Exercise requirements:
Only the lines below from the one containing "Zen Buddhist meditation" through the one containing "2、発酵が終わったら取り出し" belong in the answer, set down exactly, with the pictures left out.

===== Task material =====

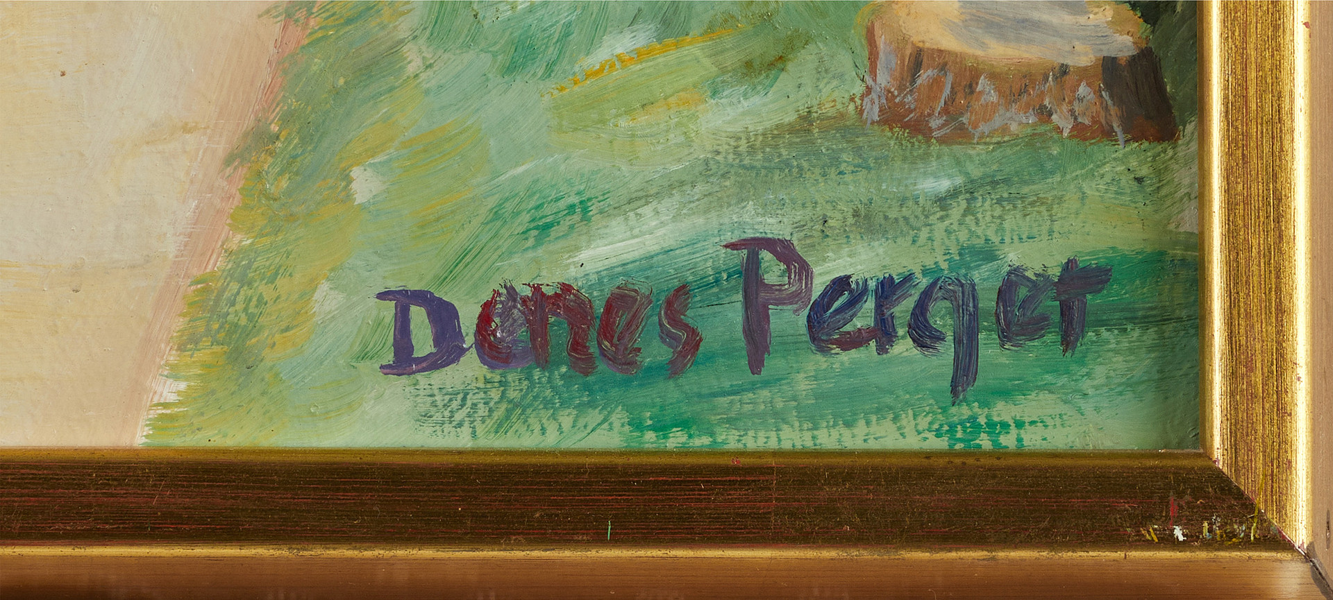 3073203. DENES PERGER. Strandvilla, Olie på Panel.
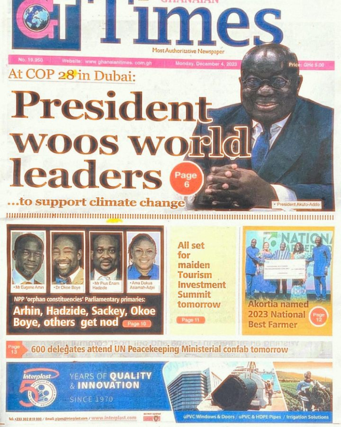 Newspaper headlines: Monday 4th December, 2023 Newspaper Headlines December 4, 2023 7:41 am - Audio By Carbonatix FacebookWhatsAppTwitterTelegramEmailPinterestPrint Previous articleNDC stalwart equips Volta secretariat ahead of 2024 electionsNext articleSHS 1 students to report to school today TagsNewspaper headlines RELATED ARTICLES News A Plus hails Speaker Bagbin’s stewardship, dismisses minor criticism Local News Greater Accra Regional Minister distributes streetlights to all 29 Assemblies Local News Nkwanta South MCE inspects ongoing school projects
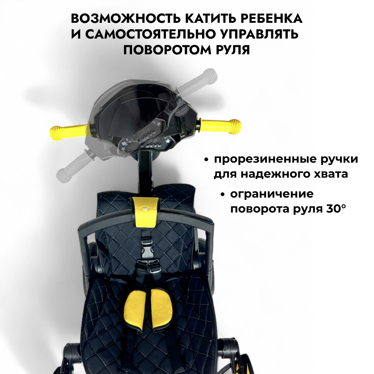 • Диаметр передних колес 9.8" (25 см)
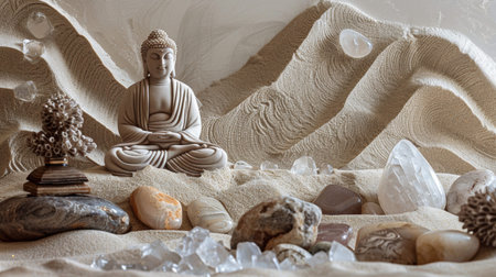 Zen Buddhist meditation garden featuring serene Buddha figurine, stones, and crystals in a tranquil sandscape.
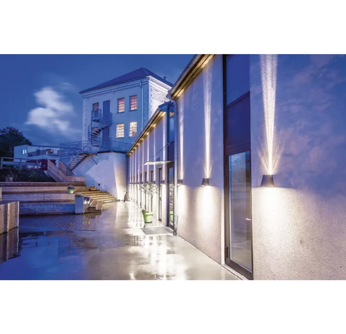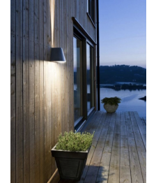 Moderne veggarmatur for utendørs montering produsert i trykkstøpt, pulverlakkert i sort overflate. Skjerm i UV-stabilisert, opal polykarbonat. Armaturen har integrert LED-lyskilde med 95 graders lysspredning (nedlys) og opplys. Beskyttelsesklasse IP44
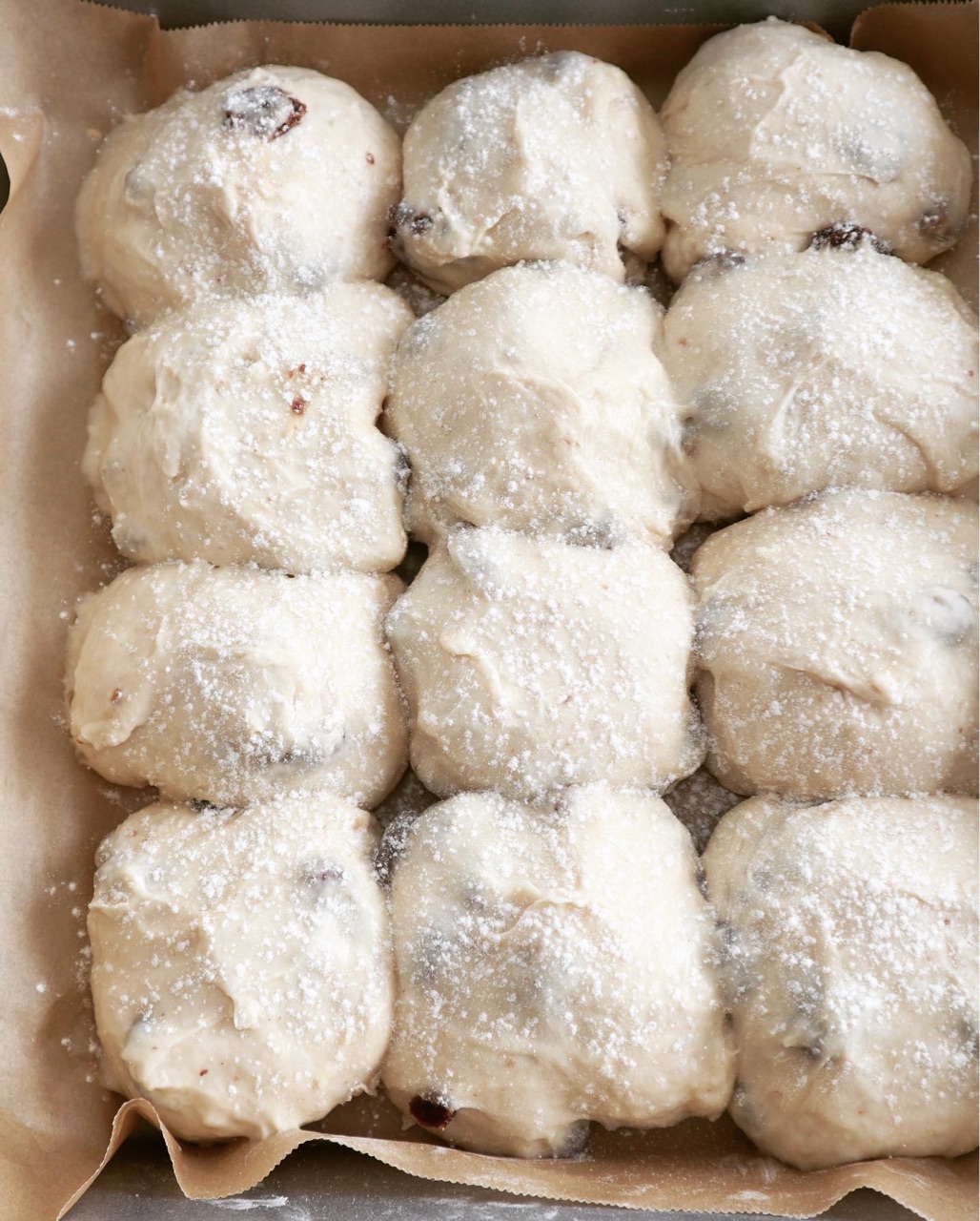 2、発酵が終わったら取り出してガスを抜き、12分割して丸め、ぬれ布巾又はぬらしたキッチンペーパーをかけて15分ベンチタイムをとる。
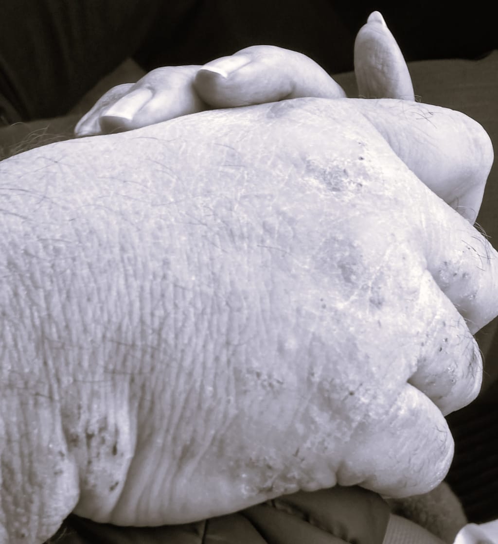Years of hard work have left his fingers calloused and marred with a distinctive jagged scar running down the inside of his center right finger and another making a perfect crescent moon atop his top knuckle on the left thumb. Patches of skin flake, crack, and bleed from exposure to severe elements in our chilly hometown and harsh chemicals used at his work. But each seemingly ugly flaw stands as a beautiful attestation of the devotion to providing for our little family. Rough as they appear, when his fingers trace my face they are soft and gentle, wiping away my tears, fears, and anxiety. When they entwine my own, I find myself home even in the middle of the Pacific Ocean.
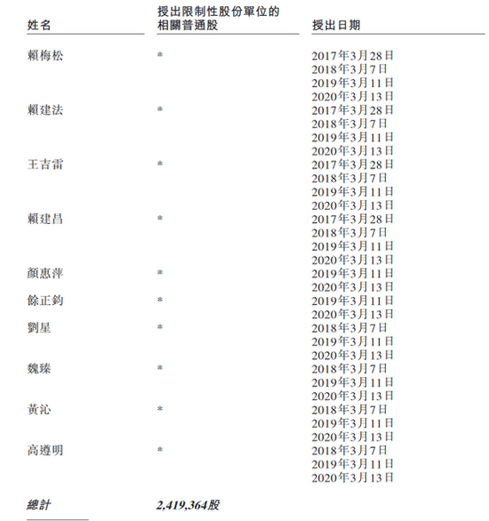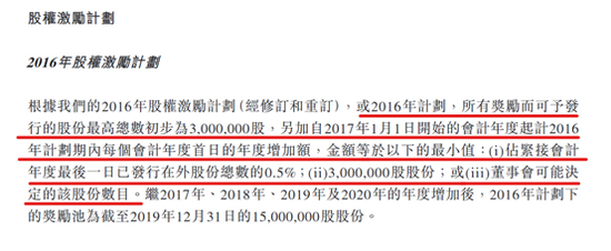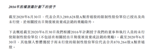 截至2020年6月30日,该项计划下一共授出限制性股份单位3,289,628股,其中授予董事会及高管层的股份2,419,364份,占已授出总数的73.55%;授予其他个人或集体的限制性股份单位870,264股,占已授出总数的26.45%。
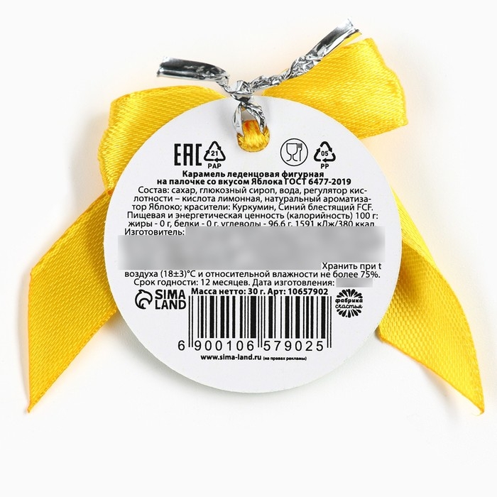 Новый год! Леденец на палочке «Талисман здоровья», вкус яблоко, 30 г

=====

Response:
 Zen Buddhist meditation garden featuring serene Buddha figurine, stones, and crystals in a tranquil sandscape.
 Moderne veggarmatur for utendørs montering produsert i trykkstøpt, pulverlakkert i sort overflate. Skjerm i UV-stabilisert, opal polykarbonat. Armaturen har integrert LED-lyskilde med 95 graders lysspredning (nedlys) og opplys. Beskyttelsesklasse IP44
 2、発酵が終わったら取り出してガスを抜き、12分割して丸め、ぬれ布巾又はぬらしたキッチンペーパーをかけて15分ベンチタイムをとる。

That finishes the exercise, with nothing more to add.